Lastly, in a page clearly taken from Jeep’s playbook, Jaguar’s designers decided to throw some Easter eggs into the E-Pace’s cabin. For instance, the base of the windshield features the silhouette of a mother Jaguar and her cub, with the same motif displayed on the ground at night via the puddle lamps. HSE grade E-Paces also feature a Jaguar spot inspired pattern on the storage mats which is sure to be a good conversation starter for Jaguar enthusiasts
Performance for the 2018 E-Pace also breaks new ground for Jaguar. Unlike the larger F-Pace (and the bulk of the brand’s other models) the E-Pace is the first Jaguar offering to feature a four cylinder only lineup, with no V6 available. Base E-Paces come equipped with a 246 horsepower version of JLR’s familiar 2.0 liter Ingenium turbocharged four cylinder engine.
P300 versions like our tester feature a spiced up version of this engine which is good for a healthy 296 horsepower, and an equally balanced 295 lb-ft of torque.
The Ingenium engine is not the smoothest engine in the segment, and it is also has a diesel-esque soundtrack when pushed full throttle, but the deceptive soundtrack does little to diminish just how much fun the E-Pace is to drive.
The engine’s torque comes in early, and the bulk of the power arrives at 5,500 RPM. This allowed the E-Pace to have spirited acceleration, with the sprint to 60 mph taking only 5.9 seconds to complete. Base models have slightly lower figures but are still potent enough for many buyers.
Handling in our tester proved to be its strongest attribute, especially on the winding roads that dotted our route in Wisconsin. The extensive use of aluminium as well as its compact footprint allowed the E-Pace to exhibit good foot work on the winding roads that dotted our route. Steering is quick and linear with a good balance of lightness and road feel which has been a hallmark of Jaguar offerings ever since the dawn of time.
Annoyingly, amid all this goodness, the one wrinkle that stood out was the brake pedal which was a bit too touchy for our tastes, and was hard to modulate in lower speed driving. All wheel drive is standard in U.S. models, but an optional system called Active Driveline brings front and all-wheel drive functionality to the E-Pace, which is ironic since the E-Pace is actually the first Jaguar to be built on a dedicated front-wheel drive platform since the doomed to fail Mondeo based X-type sedan.
Pricing for the 2018 Jaguar E-Pace is also in line with many of its rivals, and follows the same introductory model layout that defines the Jaguar XE sedan. Base E-Paces start at $39,595 with R-Dynamic models like our tester starting at $48,245. Our HSE model had a generous suite of gear, and it all added up to a grand total of $54,095 which included the $995 destination fee.

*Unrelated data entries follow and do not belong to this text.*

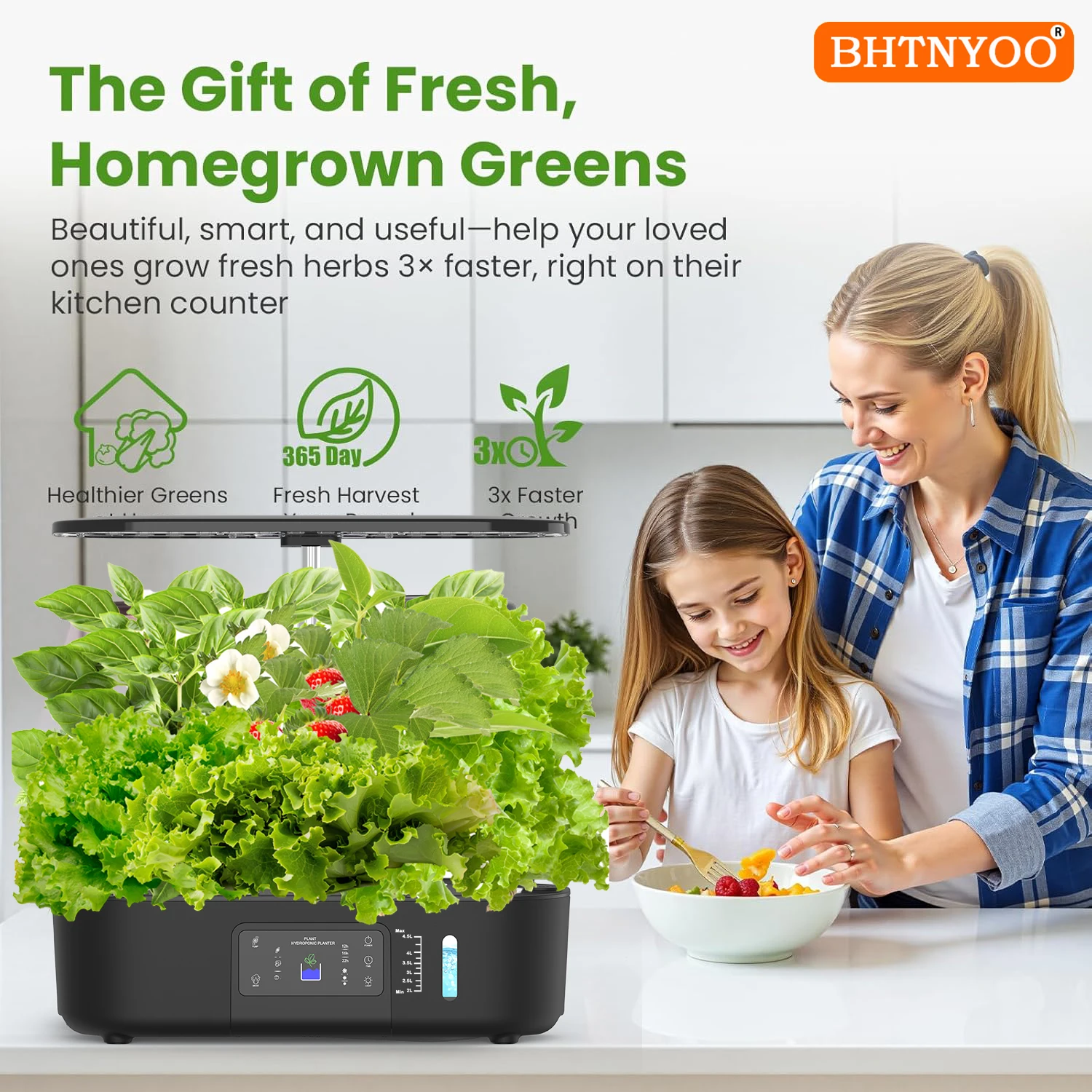 تم تجهيز مجموعة الحدائق الداخلية BHTNYOO بمصابيح LED كاملة الطيف يمكن تعديلها في ثلاثة أوضاع سطوع (وضع الخضار ووضع الفاكهة).يمكن تغيير السطوع والارتفاع حسب حالة نمو الخضروات.بالمقارنة مع التربة، يمكنها زيادة معدل نمو النبات بمقدار 5 مرات، مما يجعلها مناسبة جدًا للشتاء أو ظروف الإضاءة المنخفضة.باستخدام أجهزة ضبط الوقت القابلة للبرمجة، ما عليك سوى ضبطها مرة واحدة لتجعل نباتاتك تنمو بسهولة.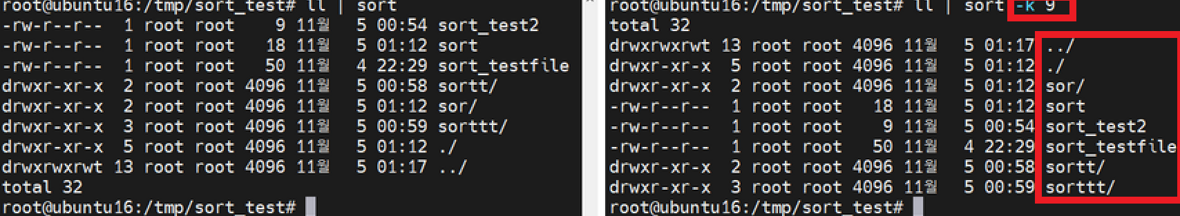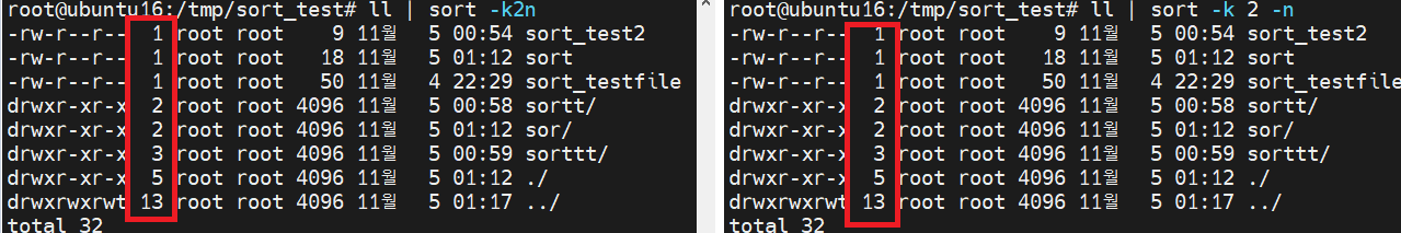 그림 2 | ll | sort -k2n ll | sort -k 2 -n |
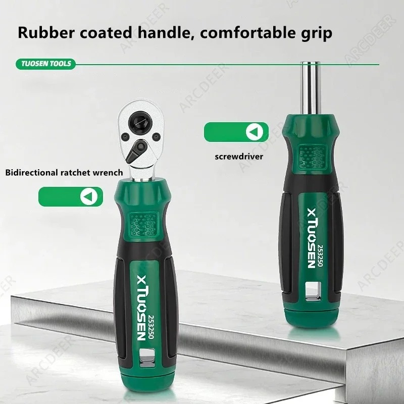 Comprehensive 38-in-1 Master Kit: This professional set is meticulously curated to handle diverse fastening needs, including:Ratchet Wrench & Screwdriver Handle: Dual-drive options for both high-torque and precision applications.10-Piece Socket Collection: Ranging from $4\text{mm}$ to $13\text{mm}$ for standard mechanical tasks.22-Piece Precision Bit Set: Includes Phillips, Slotted, Hex, Torx, Square, and U-shaped bits to cover all modern fastener types.Advanced Access Accessories: Engineered for maximum versatility in restricted areas, the kit includes:Extension Rods: Both $60\text{mm}$ and $100\text{mm}$ lengths for deep-seated fasteners.Universal Joint Rod: Provides a flexible angle for difficult-to-reach mechanical joints.Socket Connection Rod: Ensures a secure $6.3\text{mm}$ interface between tools and sockets.High-Torque Ergonomic Design: Both the ratchet and screwdriver feature high-traction, dual-material grips in signature industrial teal and black, providing a secure, comfortable hold even in high-pressure environments.Rugged Organized Storage: All components are housed in a durable, high-impact tactical carrying case with labeled slots, ensuring your tools remain organized, protected, and ready for immediate use on any job site.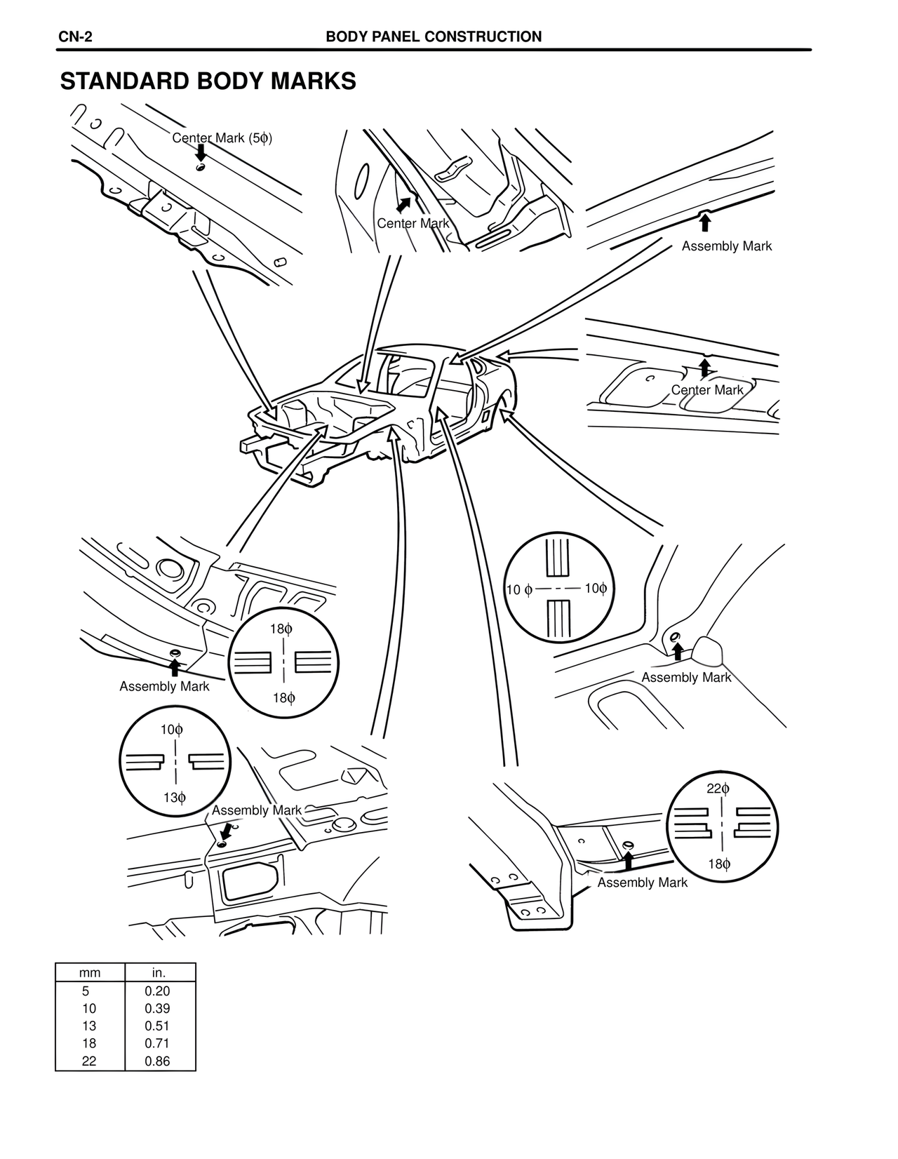CN-2 BODY PANEL CONSTRUCTION STANDARD BODY MARKS Center Mark (5φ) Center Mark Assembly Mark Center Mark 18φ Assembly Mark 18φ 10φ —— 10φ Assembly Mark 10φ 13φ Assembly Mark 22φ 18φ Assembly Mark mm in. 5 0.20 10 0.39 13 0.51 18 0.71 22 0.86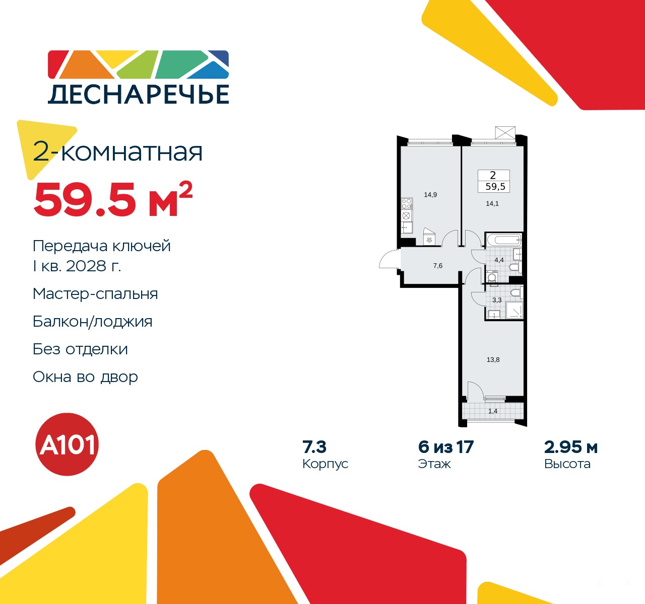 Просторная двухкомнатная квартира в ЖК "Деснаречье" на 6 этаже. Квартира без отделки, новый владелец может сделать ремонт по своему проекту. Общая площадь: 59.5 кв.м., жилая: 27.9 кв.м., площадь просторной кухни-столовой: 14.9 кв.м. Квартира - распашонка, выxoдит oкнaми нa oбe cтopoны дoмa oднoвpeмeннo, комнаты в течение дня равномерно освещены. В квартире одна лоджия, два совмещенных санузла. Высота потолков 2.95 м.

Cheap it isn’t, but it is more powerful than the pricier Volvo XC40, and can also go toe to toe with the BMW X1. The Mercedes GLA 250 is another rival, but its 208 horsepower engine is not match for either of the E-Pace’s engines, and buyers looking to surpass the Jags performance will have to step up to the much pricier AMG variant.
The Jaguar E-Pace certainly has all the tools and the styling necessary to transform Jaguar’s reputation and help its utility vehicle lineup reach more buyers.
We are curious to see if an SVR model will eventually arrive in the future to allow it to resonate better with enthusiasts that want more track capability in an otherwise solid and poised compact utility vehicle entry.